Hello Ladies and Gentlemen – I was wondering if anyone familiar with TeraGrid might be able to fathom a SU conversion value for a GPU-hour of work in a cluster environment?

I know there are lots of details that’d have specified, but I was just wondering if someone with experience might have a ballpark-range estimate.

Thanks!

For molecular dynamics ( http://www.ameslab.gov/hoomd ) a single Tesla GPU performs equivalently to ~30 CPU cores in a fast cluster. Most speedups I’ve seen reported are in a similar ballpark. Some algorithms that aren’t particularly well adapted to the data-parallel architecture are slower, while others are faster.

This thread: http://forums.nvidia.com/index.php?showtopic=48836 has some more examples, though most are comparing single/multi-core CPUs to a single GPU and not clusters.

If it were me, I wouldn’t necessarily set the SU cost based on the GPU’s speedup relative to the other cores in your cluster. What you really have is a capacity planning problem; you want your GPUs to be used with roughly the same duty cycle as the rest of your cluster. All other things being equal, that would suggest that a GPU-hour should be valued relative to a node-hour by a factor equal to the speedup, but there are several factors that would change that.
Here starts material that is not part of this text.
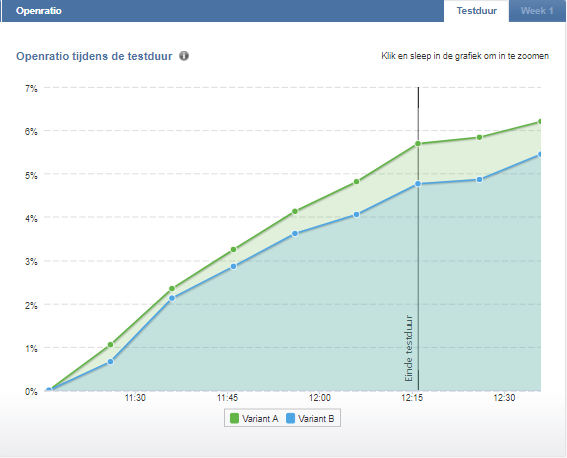 De marketeer testte op open ratio, maar de klikratio gaf na twee uur testtijd een veel duidelijker beeld. De klikratio van de A-variant bedroeg namelijk 9,0% en de B-variant kwam uit op 11,2%.

For instance, if you have fewer GPUs than nodes, that would make GPU-hours relatively more valuable. Offsetting that, the relative newness of GPU programming will probably make some users reluctant to try it, which would tend to make GPU-hours relatively less valuable. My guess is that for now users’ resistance to change will dominate, meaning GPUs should cost less than the speedup ratio, at least until GPU programming is widely accepted amongst users.

If your users will tolerate tinkering with the SU cost structure, I would recommend starting with a reasonable guess and seeing what the queue for jobs requesting GPU resources looks like. Then adjust the cost over time until the utilization for the GPUs is approximately the same as the rest of the system.

[Edited to correct a small logic error in the original]

-rpl